Content starts
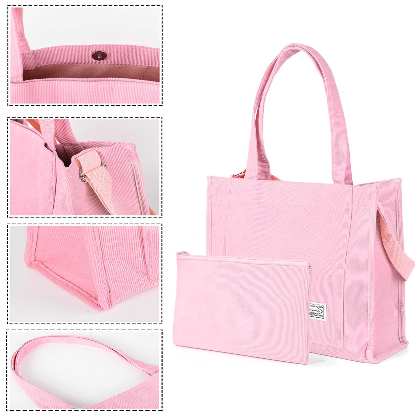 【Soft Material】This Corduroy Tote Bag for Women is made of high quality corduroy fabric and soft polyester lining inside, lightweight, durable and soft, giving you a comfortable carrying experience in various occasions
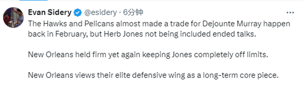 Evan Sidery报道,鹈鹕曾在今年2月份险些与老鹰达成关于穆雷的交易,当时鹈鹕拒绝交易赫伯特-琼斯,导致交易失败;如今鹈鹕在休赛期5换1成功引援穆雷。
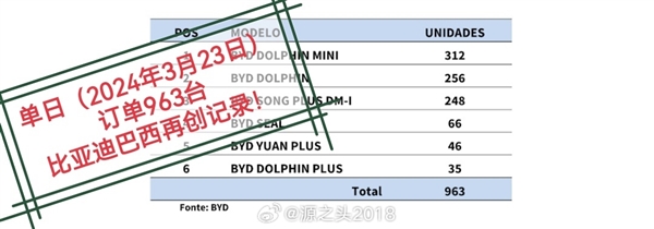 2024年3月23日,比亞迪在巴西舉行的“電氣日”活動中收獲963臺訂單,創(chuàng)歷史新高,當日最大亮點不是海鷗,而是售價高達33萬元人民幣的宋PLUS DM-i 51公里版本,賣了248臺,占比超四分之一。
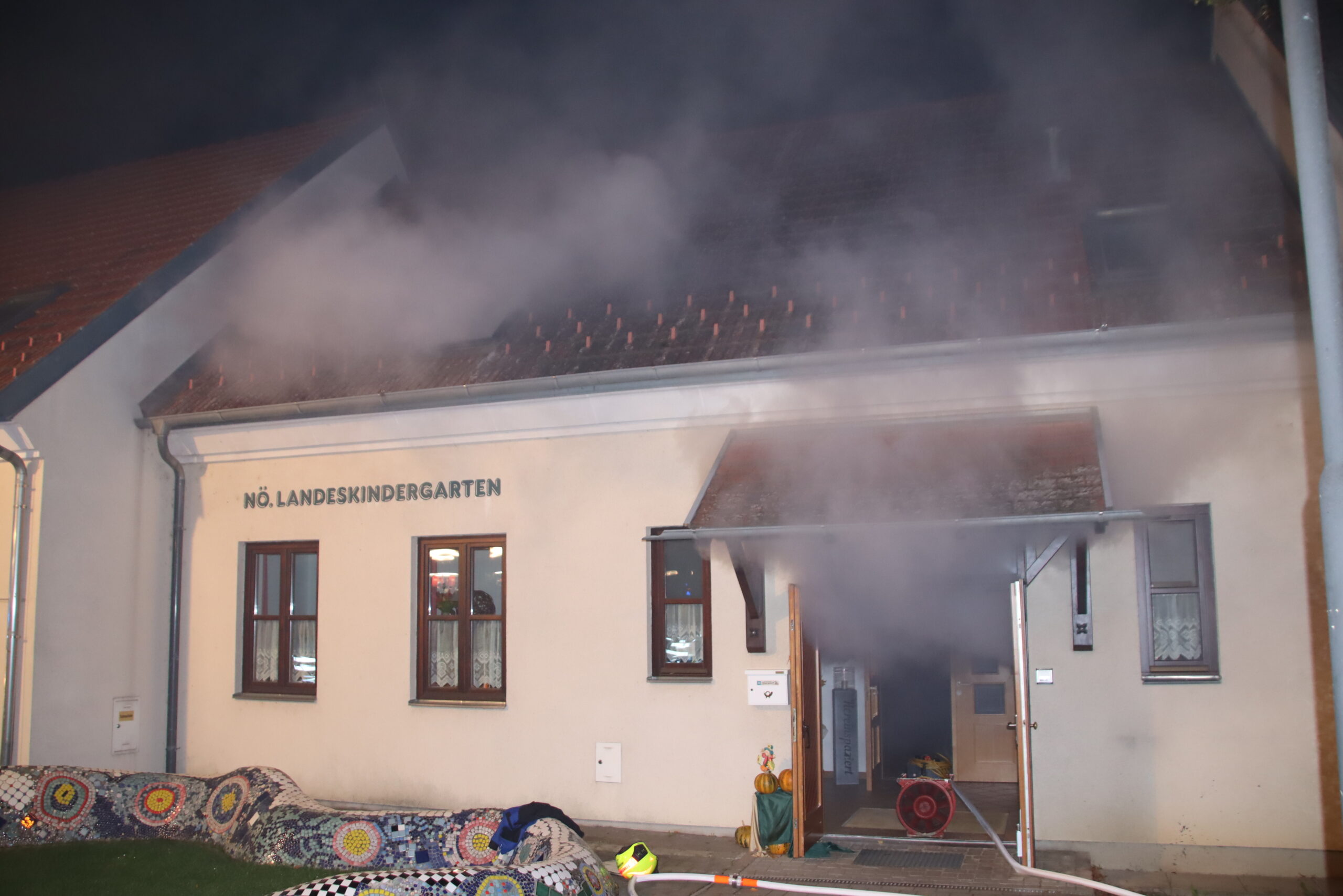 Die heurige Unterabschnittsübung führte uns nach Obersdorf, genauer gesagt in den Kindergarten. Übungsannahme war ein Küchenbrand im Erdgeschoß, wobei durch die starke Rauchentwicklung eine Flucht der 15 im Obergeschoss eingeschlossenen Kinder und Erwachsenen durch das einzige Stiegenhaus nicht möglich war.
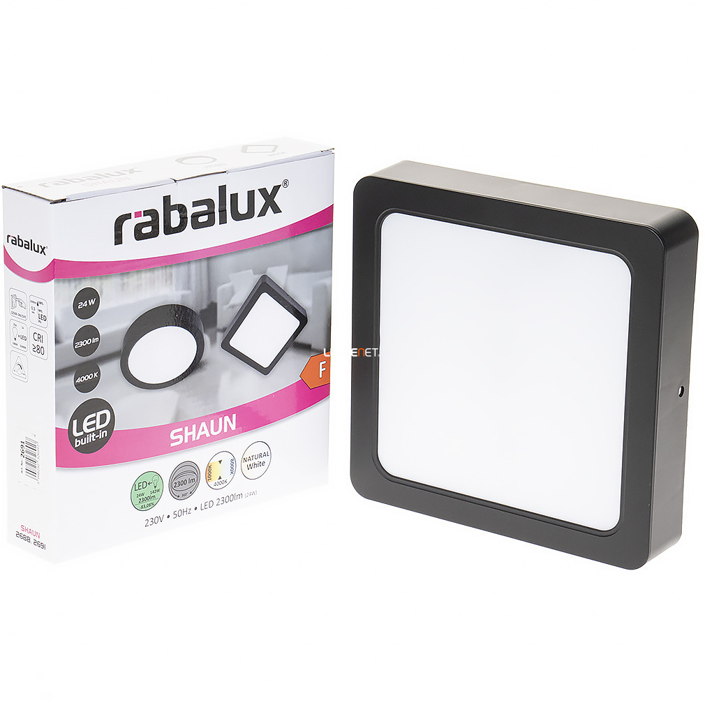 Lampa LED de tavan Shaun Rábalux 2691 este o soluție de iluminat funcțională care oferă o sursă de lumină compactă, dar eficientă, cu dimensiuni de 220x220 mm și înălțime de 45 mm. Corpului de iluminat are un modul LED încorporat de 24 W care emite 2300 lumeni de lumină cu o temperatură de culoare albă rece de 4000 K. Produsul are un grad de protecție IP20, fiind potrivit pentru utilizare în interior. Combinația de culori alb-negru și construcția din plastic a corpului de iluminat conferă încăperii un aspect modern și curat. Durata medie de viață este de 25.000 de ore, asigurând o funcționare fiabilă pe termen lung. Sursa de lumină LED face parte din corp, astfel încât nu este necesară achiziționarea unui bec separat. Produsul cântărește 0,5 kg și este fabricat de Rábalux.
Content ends
Copy the listing in full and without alteration, omitting every picture.

#### WRITTEN RESPONSE
 【Soft Material】This Corduroy Tote Bag for Women is made of high quality corduroy fabric and soft polyester lining inside, lightweight, durable and soft, giving you a comfortable carrying experience in various occasions
 Evan Sidery报道,鹈鹕曾在今年2月份险些与老鹰达成关于穆雷的交易,当时鹈鹕拒绝交易赫伯特-琼斯,导致交易失败;如今鹈鹕在休赛期5换1成功引援穆雷。
 2024年3月23日,比亞迪在巴西舉行的“電氣日”活動中收獲963臺訂單,創(chuàng)歷史新高,當日最大亮點不是海鷗,而是售價高達33萬元人民幣的宋PLUS DM-i 51公里版本,賣了248臺,占比超四分之一。
 Die heurige Unterabschnittsübung führte uns nach Obersdorf, genauer gesagt in den Kindergarten. Übungsannahme war ein Küchenbrand im Erdgeschoß, wobei durch die starke Rauchentwicklung eine Flucht der 15 im Obergeschoss eingeschlossenen Kinder und Erwachsenen durch das einzige Stiegenhaus nicht möglich war.
 Lampa LED de tavan Shaun Rábalux 2691 este o soluție de iluminat funcțională care oferă o sursă de lumină compactă, dar eficientă, cu dimensiuni de 220x220 mm și înălțime de 45 mm. Corpului de iluminat are un modul LED încorporat de 24 W care emite 2300 lumeni de lumină cu o temperatură de culoare albă rece de 4000 K. Produsul are un grad de protecție IP20, fiind potrivit pentru utilizare în interior. Combinația de culori alb-negru și construcția din plastic a corpului de iluminat conferă încăperii un aspect modern și curat. Durata medie de viață este de 25.000 de ore, asigurând o funcționare fiabilă pe termen lung. Sursa de lumină LED face parte din corp, astfel încât nu este necesară achiziționarea unui bec separat. Produsul cântărește 0,5 kg și este fabricat de Rábalux.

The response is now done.